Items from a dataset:
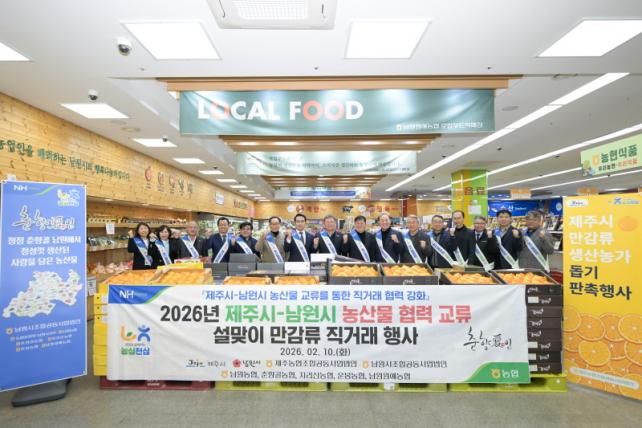 [È£³²´º½º¶óÀÎ = ÃÖÀç¼± ±âÀÚ] ³²¿ø½Ã(½ÃÀå ÃÖ°æ½Ä)¿Í Á¦ÁÖ½Ã(½ÃÀå ±è¿Ï±Ù), ³²¿ø½ÃÁ¶ÇÕ°øµ¿»ç¾÷¹ýÀÎ(´ëÇ¥ ÀÌâÁØ)°¡ ¼³ ¸íÀýÀ» ¾ÕµÎ°í Áö¿ª °£ ³ó»ê¹° »ó»ý Çù·ÂÀ» À§ÇÑ ¡®¼³¸ÂÀÌ ¸¸°¨·ù Á÷°Å·¡ Çà»ç¡¯¸¦ °³ÃÖÇÏ¸ç ³ó¾÷ ±³·ù Çù·Â °È¿¡ ³ª¼¹´Ù.
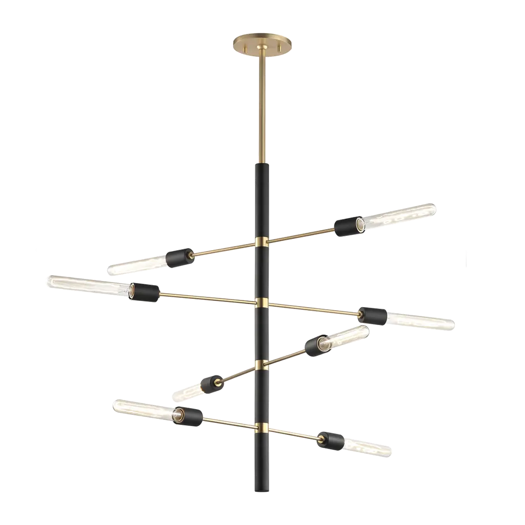 Dress up your dining room with this linear modern design that cascades effortlessly from the ceiling. Shown in a sleek blend of antique brass and matte black, Astrid lends industrial flair to any setting. Whether you’re spotlighting a cozy breakfast nook or expansive dining scene, Astrid is available in three sizes and two finishes to suit any setting.
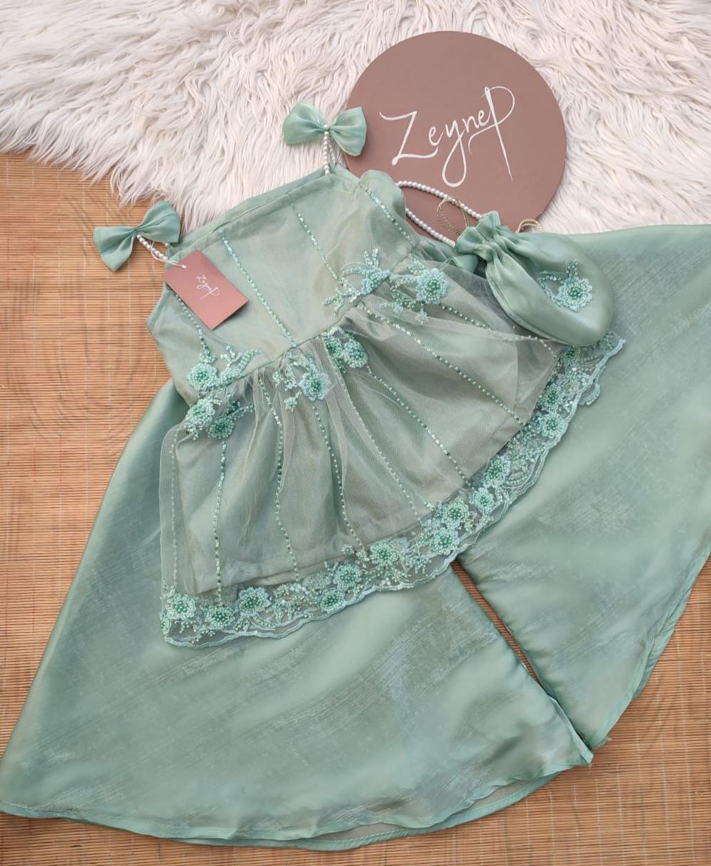The Mint Elara Sheesha Set is a graceful 3-piece outfit crafted to give a delicate and elegant look. The beautifully embellished net shirt features intricate floral embroidery with pearl-style detailing, layered over smooth sheesha silk lining for a rich yet comfortable finish.
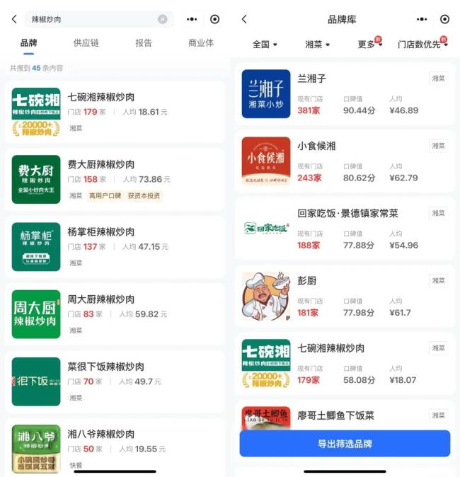 即便如此,费大厨并非高枕无忧。一方面,费大厨依赖直营模式,对供应链管理和成本控制要求极高。另一方面,辣椒炒肉正在成为全餐饮行业的流量密码,竞争异常激烈。除费大厨外,农耕记、兰湘子、杨掌柜、七碗湘等以辣椒炒肉为招牌菜式的湘菜品牌同样扩张迅速。
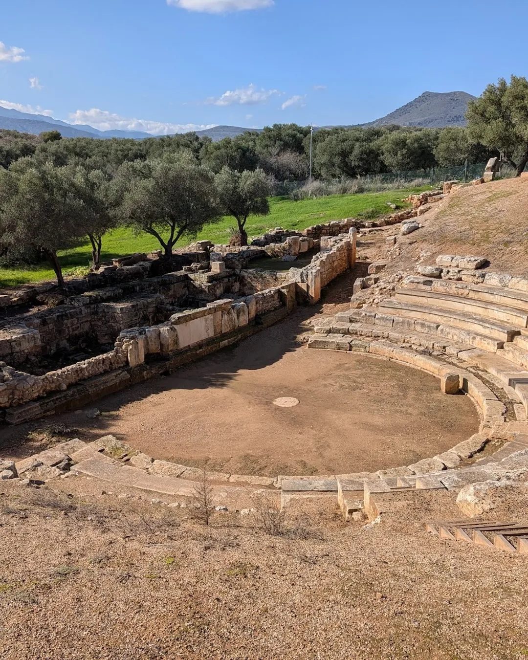 Walking through the site, you’ll encounter Roman cisterns, a theatre, city walls, and scattered ruins set within a wide, open landscape. The sense of space and silence allows the imagination to work freely, with sweeping views toward the sea and the White Mountains adding to the experience.
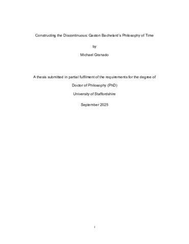 GRANADO, Michael (2025) Constructing the Discontinuous: Gaston Bachelard’s Philosophy of Time. Doctoral thesis, University of Staffordshire.
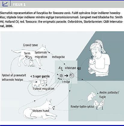 Toxocara -infektion skyldes typisk utilsigtet indtag af æg fra den fuldmodne orm eller larver som følge af eksposition for f.eks. jord (geofagi/pica), indtagelse af kontaminerede grøntsager eller Toxocara -holdigt kød (Figur 1 )[1, 4, 6]. Toxocariasis er en typisk zoonose, og der sker ikke smitte mellem mennesker.
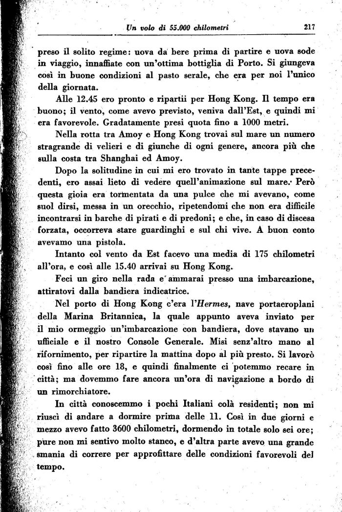 Nel porto di Hong Kong c'era l'Hermes, nave portaeroplani della Marina Britannica, la quale appunto aveva inviato per il mio ormeggio un'imbarcazione con bandiera, dove stavano un ufficiale e il nostro Console Generale. Misi senz'altro mano al rifornimento, per ripartire la mattina dopo al più presto. Si lavorò così fino alle ore 18, e quindi finalmente ci potemmo recare in città; ma dovemmo fare ancora un'ora di navigazione a bordo di un rimorchiatore.
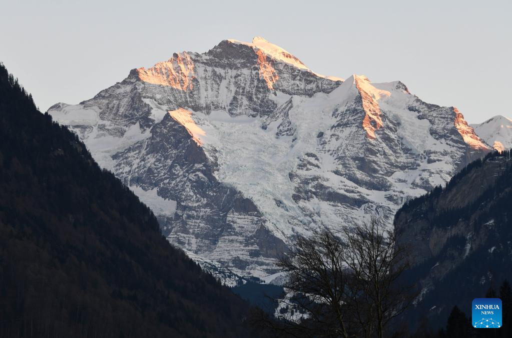 This photo taken on Feb. 14, 2023 shows Jungfrau Peak at sunset in Switzerland. (Xinhua/Lian Yi)
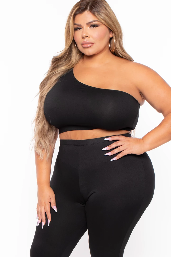 This plus size, stretch butter soft knit top and leggings set. The top features an asymmetric neckline, sleeveless, ankle length leggings has an elastic waist, sleek fit. Versatile from yoga to a night out.

## INSTRUCTIONS FOR THE TASK
In the records above, find the line with "Nel porto di" and the line with "This photo taken"; please transcribe exactly those two lines and all lines between them, omitting any picture.

## EXPECTED ANSWER
 Nel porto di Hong Kong c'era l'Hermes, nave portaeroplani della Marina Britannica, la quale appunto aveva inviato per il mio ormeggio un'imbarcazione con bandiera, dove stavano un ufficiale e il nostro Console Generale. Misi senz'altro mano al rifornimento, per ripartire la mattina dopo al più presto. Si lavorò così fino alle ore 18, e quindi finalmente ci potemmo recare in città; ma dovemmo fare ancora un'ora di navigazione a bordo di un rimorchiatore.
 This photo taken on Feb. 14, 2023 shows Jungfrau Peak at sunset in Switzerland. (Xinhua/Lian Yi)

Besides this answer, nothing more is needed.